HTML, and its successor XHTML, both provide six elements used for describing section headers (creatively enough called h1, h2, and so forth). These are intended to be used hierarchically: The h1 heading applies to the entire document, and each section of it could have an h2 as its header, and any subsection of those would have an h3 as its header, and so forth, giving a structure that might look like this:

<h1>Heading 0</h1>
Section 0
  
<h2>Heading 1</h2>
Section 1
  
<h2>Heading 2</h2>
Section 2
  
<h3>Heading 2.1</h3>
Section 2.1

This isn't a horrible system. It's fairly easy to convert a well-structured document to this general form, but it's also easy to construct a document that makes no sense whatsoever this way. An h3 element might directly follow an h1, which is legal, but nonsensical from the structured standpoint we were hoping for. There's also no easy way to refer to Section 1 (say, to make its background green with a style sheet).
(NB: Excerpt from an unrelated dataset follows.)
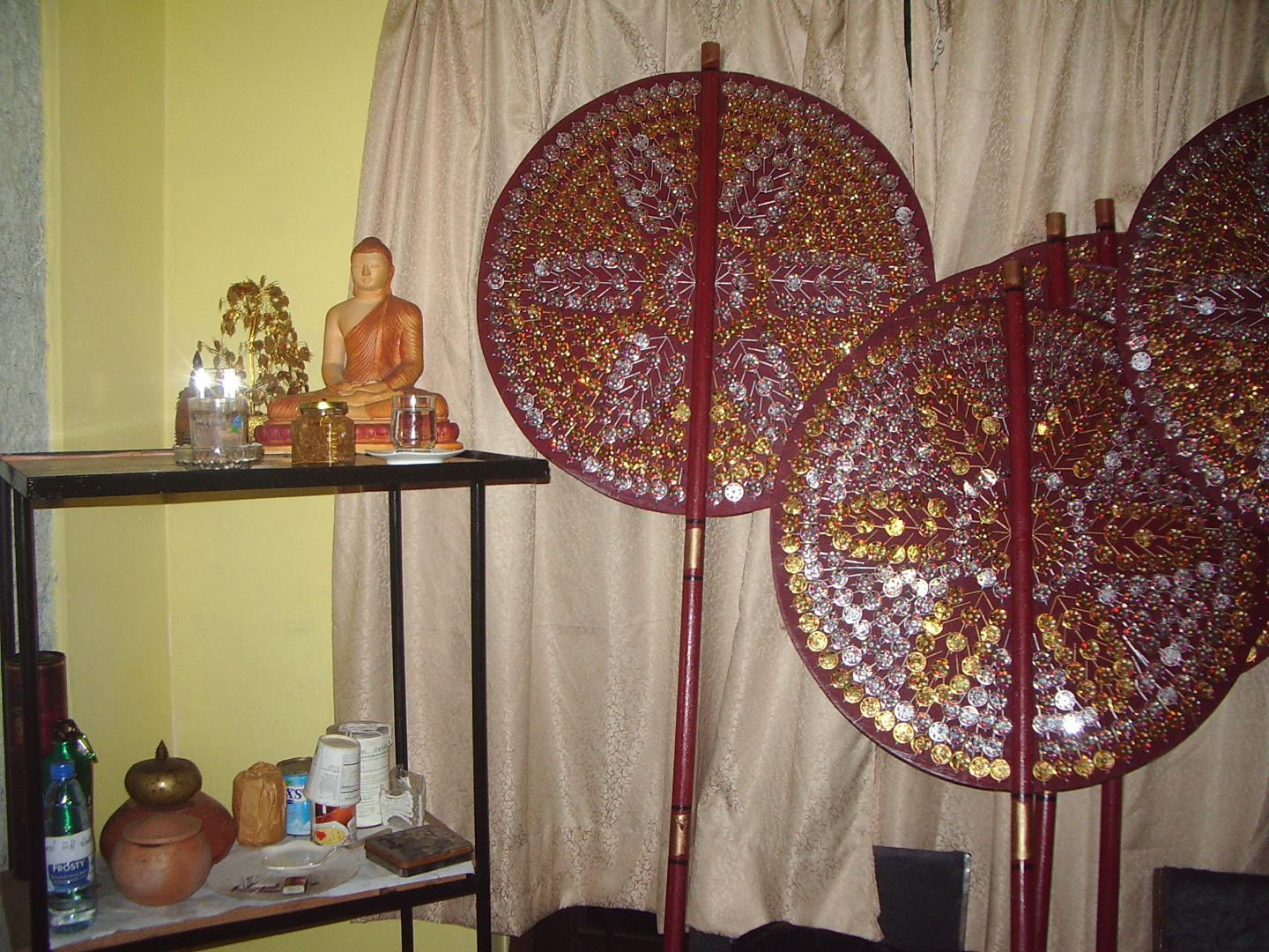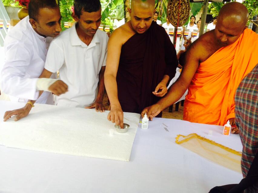 So we did another rare offering. We spend time on creating 1 lakh of tiny sesath. Just like we take time on collecting wealth for us… collecting possessions for us… we took time to create such tiny sesath… one lakh of them… We used tooth picks as the handle and one printed design as the main plate and decorate it 9 pearls to represent the 9 great qualities of Samma Sambuddha.

A better way would have been to create something like a section element. A section would consist of an optional heading element, followed by an optional stretch of "block" elements (paragraphs, lists, and such), and then zero or more nested sections. Our example structure then becomes:

<section>
  <heading>Heading 0</heading>
  Section 0
  
  <section>
    <heading>Heading 1</heading>
    Section 1
  </section>
    
  <section>
    <heading>Heading 2</heading>
    Section 2
    
    <section>
      <heading>Heading 2.1</heading>
      Section 2.1
    </section>
  </section>
</section>

A bit easier to see, isn't it? In any case, it's much easier for a computer to work with. Each section--along with all its subsections--can now be treated as a unit. Problems with authors using heading elements out of sequence vanish. Editing and browsing tools can take a page from outliners and allow users to expand and contract sections if they want to see more or less detail.

Want to shift a section further down in the hierarchy? Just enclose it in a higher-level section. Want to move a low-level section to its own page? Just copy and paste, don't worry about adjusting all the heading tags to make sure they're the right level.

The system is flexible enough that it can be used for pure outlines (where only section and heading elements are used) or for narrative fiction (where sections might correspond to scenes). It still allows bizarre markup, like:

<section>
  <section>
    <heading>Unnecessarily-nested heading</heading>
  </section>
  some textual content
</section>

But preventing that is probably more trouble than it's worth.